弒魔嘿嘿一笑,「哎呀,他其實早就回來了,只不過又突然消失了一段時間而已,這一次啊,你可得看住他咯。」說完,弒魔摟緊身旁的司馬可兒,玩味的看了米月了幾眼。

「看個屁看,看夠了沒啊你、」司馬可兒從前那一頭柔順的長髮早已經燙成卷頭,而且舉手投足之間也褪去了以往的頑皮和青澀,多了幾分成熟。

這自然有嫁了人的緣故,當然也跟這三年多的時光流逝有著密不可分的關係。

「你倆別在外面站著了,進來吧。
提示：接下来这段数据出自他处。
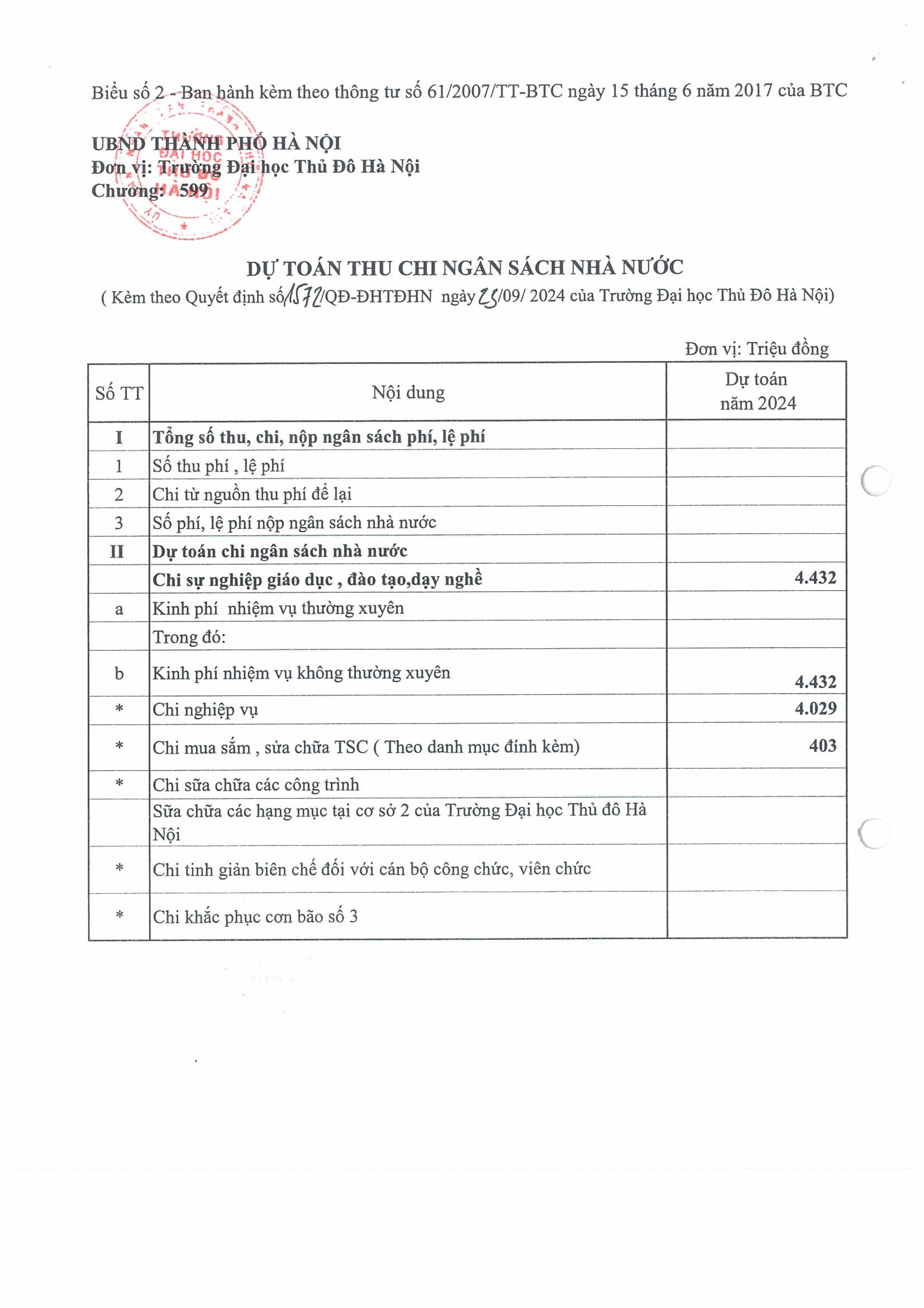 Đề án tuyển sinh trường Đại học Thủ đô Hà Nội 2024

」

此時,凌飛走了出來,看到站在門前的司馬可兒和弒魔,微微一愣,不無苦惱的說道。

見到凌飛,司馬可兒俏臉之上立刻浮現幾分薄怒,「你還好意思回來呢,當初一聲不吭就走了,留米姐自己守著這破房子等你,一等就是三年啊!人生有幾個三年?你這次要是敢虧待她,看我饒不饒得了你!」說著,司馬可兒還示威一樣的舉起拳頭,衝凌飛揮了揮。

「別鬧了。」弒魔見狀哈哈一笑,不過隨即還是制止司馬可兒,抬眼看著凌飛「混蛋,找個地方打一架再聊?」

「別了,我還有事和你們說呢。」凌飛聞言,哭喪著臉,連連擺手,說完就逃一樣的竄進臥室,留得三人站在門前面面相覷,哭笑不得。

……

「你說你,都結婚了怎麼還跟個孩子一樣。」

凌飛和弒魔坐在臥室的電視前打遊戲,司馬可兒和米月這兩個女人自然是在廚房做早餐。

看著在自己身邊陪自己打的津津有味的弒魔,凌飛無奈的苦笑道。

「你還好意思說我呢,你不也結過婚嗎。」

弒魔不屑的撇撇嘴,這話一齣口,他便意識到自己說錯話了,小心的打量著凌飛,注意他神色的變化,但凌飛卻釋然一笑。